Metabolic labeling of newly transcribed RNA with 4sU has negligible polar effects on eukaryotic cells [34], [45], [46]. To exclude gross adverse effects of 4sU-labeling on MCMV replication, we applied 1 h of 200 µM 4sU-treatment to NIH-3T3 cells at different times of infection. No effect of 4sU exposure on virus titers, determined at 48 hpi, was observed (Figure S1). We therefore decided to use 1 h of 200 µM 4sU in all following experiments.

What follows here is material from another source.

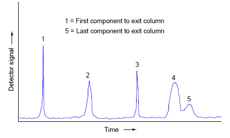 Narrow peaks represent compact bunches of molecules all exiting the column at nearly the same time. Wide peaks represent more diffuse groupings of similar (or identical) molecules. In this chromatogram, you can see that components 4 and 5 are not clearly differentiated over time. Better separation of components may be achieved by altering the sample volume, carrier gas flow rate, carrier gas pressure, type of carrier gas, column packing material, and/or column temperature.

Kinetics of transcriptional activity of cellular genes during early MCMV infection
To detail transcriptional changes in host gene expression during early MCMV infection, we infected NIH-3T3 fibroblasts with MCMV at an MOI of 10 and labeled newly transcribed RNA from 1–2, 3–4 and 5–6 hpi. Three replicates of both total and newly transcribed RNA were subjected to Affymetrix Gene ST 1.0 arrays. After Robust Multichip Average (RMA) normalization, we identified all genes significantly regulated (p≤0.05) by at least 2-fold compared to uninfected cells in any condition. This resulted in the identification of 1,674 probe sets showing differential expression (Table S1a). With the exception of 4 genes, all differentially expressed genes were either exclusively up- or down-regulated during the first 6 h of infection. The number of genes with differential expression detectable in total RNA only represented 13% (at 2 hpi), 25% (at 4 hpi) and 54% (at 6 hpi) of those identified in newly transcribed RNA. As predicted, down-regulation only started to become detectable in total RNA with substantial delay, i.e. at 4 hpi (Figure 1B). Furthermore, a peak of MCMV-induced and rapidly counter-regulated gene expression was apparent in newly transcribed RNA at 3–4 hpi. This was invisible in total RNA. The overlap of differential gene expression detectable at different times of infection was substantially greater for newly transcribed RNA (Figure 1C). Notably, we found all genes induced or repressed by at least 2-fold in total RNA at 6 hpi to show concordant regulation in newly transcribed RNA (Figure 1D). In addition, only 3 probe sets showed more than 2-fold greater regulation in total RNA than in newly transcribed RNA (genes listed in Table S1b). Hence, the vast majority of differential gene expression during the first six hours of MCMV infection is the result of alterations in transcription rates and not due to changes in RNA decay rates. We therefore decided to focus all our subsequent analyses on newly transcribed RNA.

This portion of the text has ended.